Luis despertó inclinado sobre el escritorio, el cuerpo adolorido. La visión borrosa. El cuaderno cerrado, descansando bajo su frente.

No recordaba haberlo terminado. No recordaba haber escrito la mayor parte.

El trance se había roto.

Se levantó con dificultad, caminó hacia la ventana y miró la gris mañana santiaguina. El sol era débil. La ciudad, ruidosa. Los autos pasaban. La vida seguía.

Y por primera vez en días, se sintió solo.

Las semanas que siguieron fueron un descenso lento de regreso a la tierra.

Volvió a Redgesam. El Dr. Bustos ajustó su medicación. Carolina le habló con compasión silenciosa. Su familia orbitaba alrededor de él como satélites: preocupados, cautelosos. Luis durmió casi un día entero. Cuando despertó, no abrió el cuaderno.

Tenía miedo de lo que encontraría.

Cuando finalmente lo hizo, sintió tanto horror como asombro. Algunas páginas eran incomprensibles, llenas de trazos salvajes y símbolos crípticos. Otras eran extrañamente lúcidas, dolorosamente hermosas. Lloró al leer un poema sobre su hermana y el aroma a eucalipto en Peñaflor. Se rió con una estrofa que describía a Carlos como “un faro con el foco roto.”

Pero la verdad era esta: no recordaba haber escrito la mayoría.

Era como si alguien más —otra versión de sí mismo— hubiera escrito el libro.

Y, en cierto modo, él creía que así era.




CAPÍTULO 5 – DE LA HABITACIÓN AL MUNDO

Luis Carmona alguna vez describió su mente como “una habitación vacía con las ventanas abiertas”.

Cuando garabateó esa línea en un cuaderno manchado de café a las 3 de la mañana, jamás imaginó que un día sería citada en francés, traducida al japonés, impresa en bolsos de tela en cafés de Brooklyn y proyectada en la pared de un festival de poesía en Berlín.

Pero así fue.

De alguna manera, contra todo pronóstico y desafiando diagnósticos, medicamentos, vacíos de memoria y silencios, su libro había saltado más allá de su departamento, más allá de Santiago, incluso más allá de su país.

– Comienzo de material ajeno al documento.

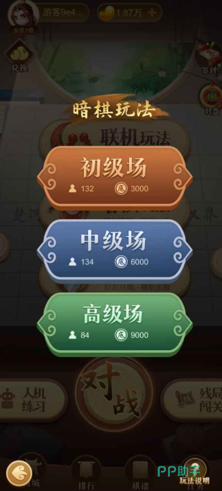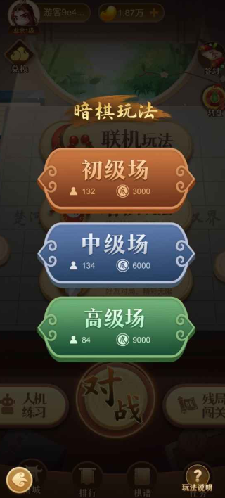 玩家在游戏内,可以选择3种不同类型的赛局,它们分别代表的是初级赛场、中级赛场、高级赛场,如果玩家对于象棋的规则并不了解,也可以通过游戏当中的人机对战,亦或是残局闯关,来增强自己的棋艺水平。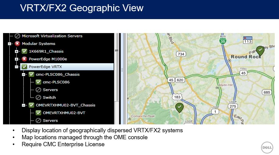 - Geographic View feature helps to quickly locate PowerEdge FX2 systems around the world. This helps administrators locate geographically dispersed systems.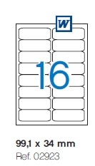 Etiquetas permanentes com qualidade fotográfica. Folhas A4 com 16 etiquetas 99,1X34mm.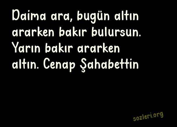 Daima ara, bugün altın ararken bakır bulursun. Yarın bakır ararken altın. Cenap Şahabettin ( Pes Etmemek )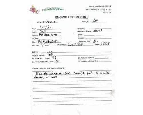 MAXXFORCE DT, 230 HP, S/N 466HM2U3013097, 209,387 Odometer Miles. Runs Good. See Video And Test Report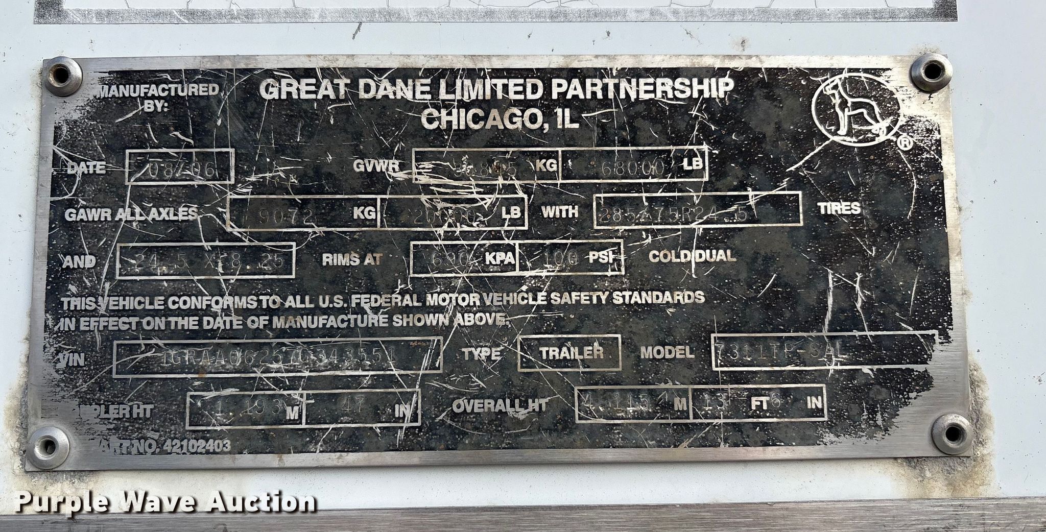 Purple Wave is selling a used Dry Van Trailer in Indiana. This item is a 2007 Great Dane 7311TP-SAL dry van trailer with the following: VIN: 1GRAA06257G343551, Unit #: 94095315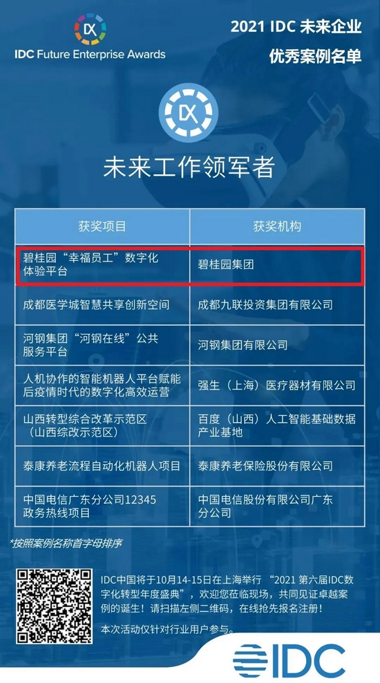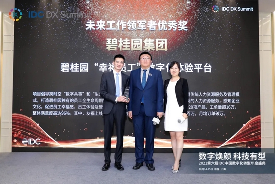 10月14-15日,2021 IDC数字化转型年度颁奖典礼于上海浦东举行,碧桂园“幸福员工”数字化体验平台荣摘【未来工作领军者】奖。

Había pasado de su habitación al mundo.

Al principio, fue solo un blog.

Luis había publicado un puñado de poemas del manuscrito en línea después de que su hermana Consuelo lo animara. Ella lo ayudó a elegir los que se sentían coherentes, poderosos, extraños pero luminosos. Hizo un sitio web simple: solo su nombre en letras negras sobre fondo blanco.

Una vez que lo publicó, no volvió a pensar en ello. Para su sorpresa, sus poemas explotaron. Le asombró descubrir que tanta gente apreciaba su poesía, y que tantas personas se sentían identificadas con las palabras contenidas en ella.

En una semana, un poeta chileno radicado en París los encontró. Luego un profesor de literatura en México. Un traductor en Montreal pidió permiso para traducir algunos textos al francés. Y después llegaron los correos. Los comentarios. Las solicitudes. La cámara de eco digital, viva y multiplicándose.

Seguía viviendo en el mismo pequeño departamento de paredes disparejas y luces titilantes. Seguía viendo a Carolina cada lunes en Redgesam. Seguía tomando su olanzapina, dos comprimidos cada noche. Seguía manteniendo un rosario junto a la cama.

Pero ahora, la gente le escribía. Cientos. Miles. Desconocidos que se veían reflejados en los poemas. Personas con esquizofrenia. Personas que habían perdido la memoria. Personas que amaban su poesía.

Luis no sabía cómo responder. Apenas recordaba haber escrito el libro.

A veces, cuando el cartero traía paquetes extranjeros, miraba a su alrededor y se preguntaba si estaba soñando. Más de una vez, tocó las paredes para comprobar si aún estaba en el mundo real.

Su familia estaba eufórica.

Su madre lloró al ver el libro en la vitrina de una librería local. —Lo lograste —le dijo, tomándole la mano.

Incluso sus parientes, que durante años habían llevado en silencio el miedo por él, irradiaban orgullo. Su madre llevó el libro a la iglesia. Se lo mostró al sacerdote. Le dijo a cada vecino que su hijo ahora era poeta.

Por un tiempo, Luis sintió que había ganado algo, aunque no sabía bien qué.

Pero el éxito también traía rarezas.

Se sentía observado. No por fantasmas, sino por personas. Gente real. En el café, en la farmacia, en el metro. Un joven de veintitantos una vez se le acercó con lágrimas en los ojos y le dijo: —Tus poemas me salvaron.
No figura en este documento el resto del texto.